As for the overall question, this is really a bigger question about what strategy we should use in general to balance between conservatism (which is a Good Thing) and making improvements (which is also a Good Thing). The post you cite brings this up explicitly:
[3] http://khinsen.wordpress.com/2014/09/12/the-state-of-numpy/
I have huge respect for the problems and pain that Konrad describes in this blog post, but I really can't agree with the argument or the conclusions. His conclusion is that when it comes to compatibility breaks, slow-incremental-change is bad, and that we should instead prefer big all-at-once compatibility breaks like the Numeric->Numpy or Py2->Py3 transitions.

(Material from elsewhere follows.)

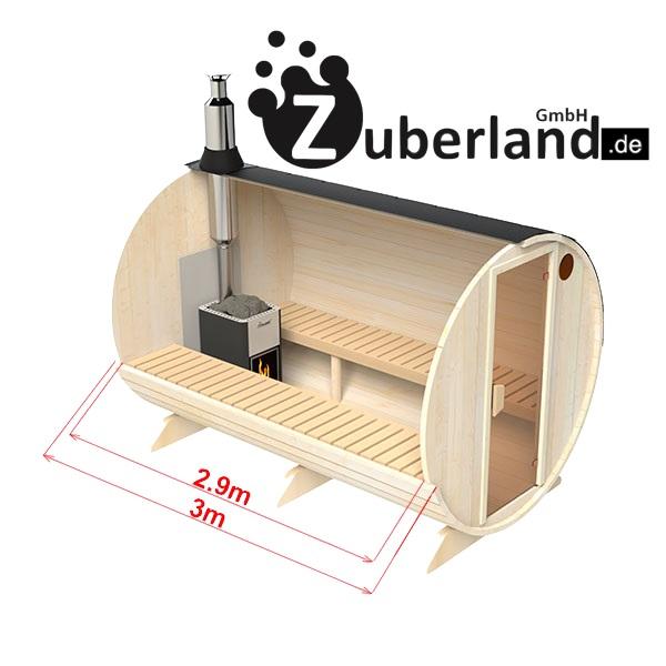 Fass-Sauna , Saunafass, Sauna (Länge 3m, Durchmesser 2m) mit Elektro-Ofen
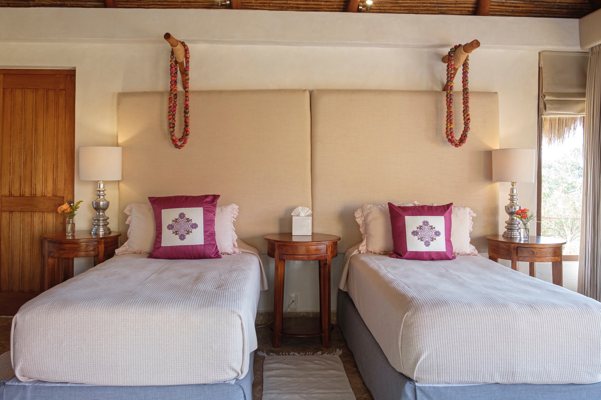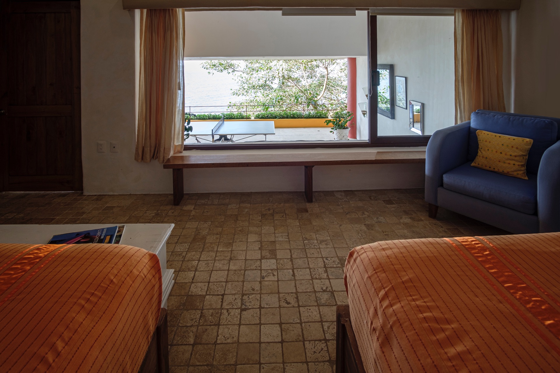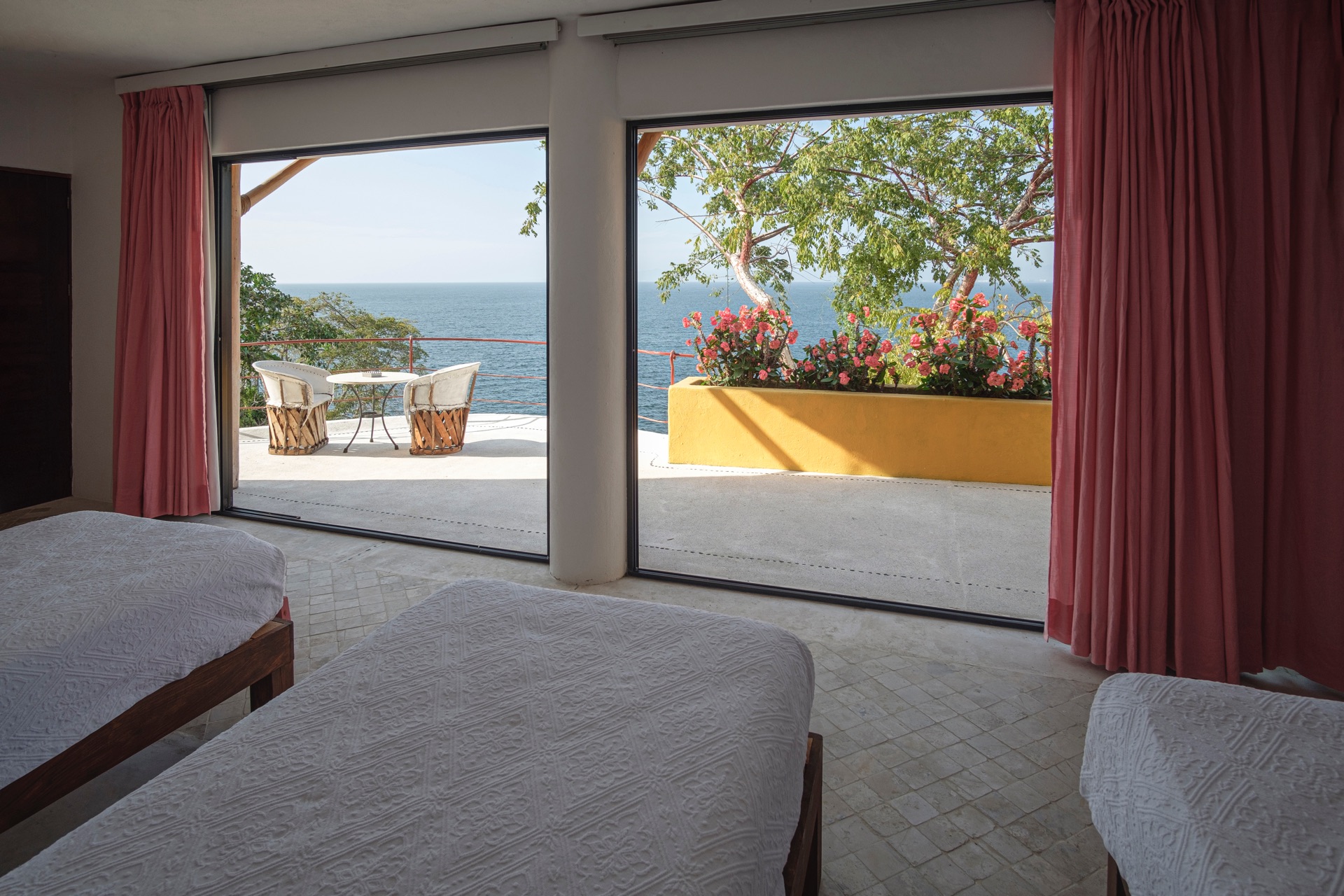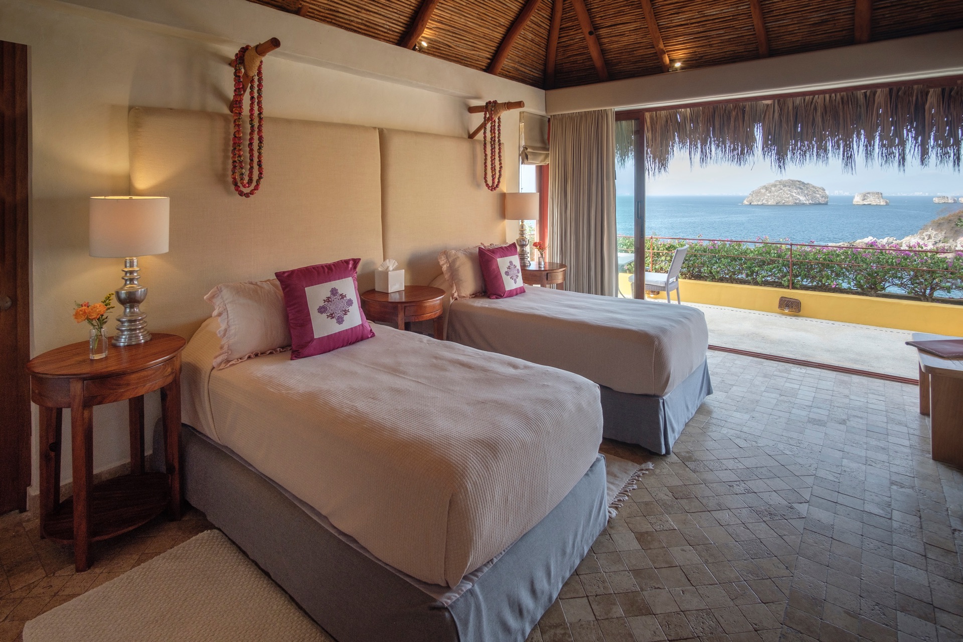 Two king-size beds (each convertible to two twin beds), two en-suite bathrooms, terrace, ocean view.

But when describing his own experiences that he uses to motivate this, he says:
*"The two main dependencies of my code, NumPy and Python itself, did sometimes introduce incompatible changes (by design or as consequences of bug fixes) that required changes on my own code base, but they were surprisingly minor and never required more than about a day of work."*
i.e., slow-incremental-change has actually worked well in his experience. (And in particular, the np.diagonal issue only comes in as an example to illustrate what he means by the phrase "slow continuous change" -- this particular change hasn't actually broken anything in his code.) OTOH the big problem that motivated his post was that his code is all written against the APIs of the ancient and long-abandoned Numeric project, and he finds the costs of transitioning them to the "new" numpy APIs to be prohibitively expensive, i.e. this big-bang transition broke his code. (It did manage to limp on for some years b/c numpy used to contain some compatibility code to emulate the Numeric API, but this doesn't really change the basic situation: there were two implementations of the API he needed -- numpy.numeric and Numeric itself -- and both implementations still exist in the sense that you can download them, but neither is usable because no-one's willing to maintain them anymore.) Maybe I'm missing something, but his data seems to be pi radians off from his conclusion.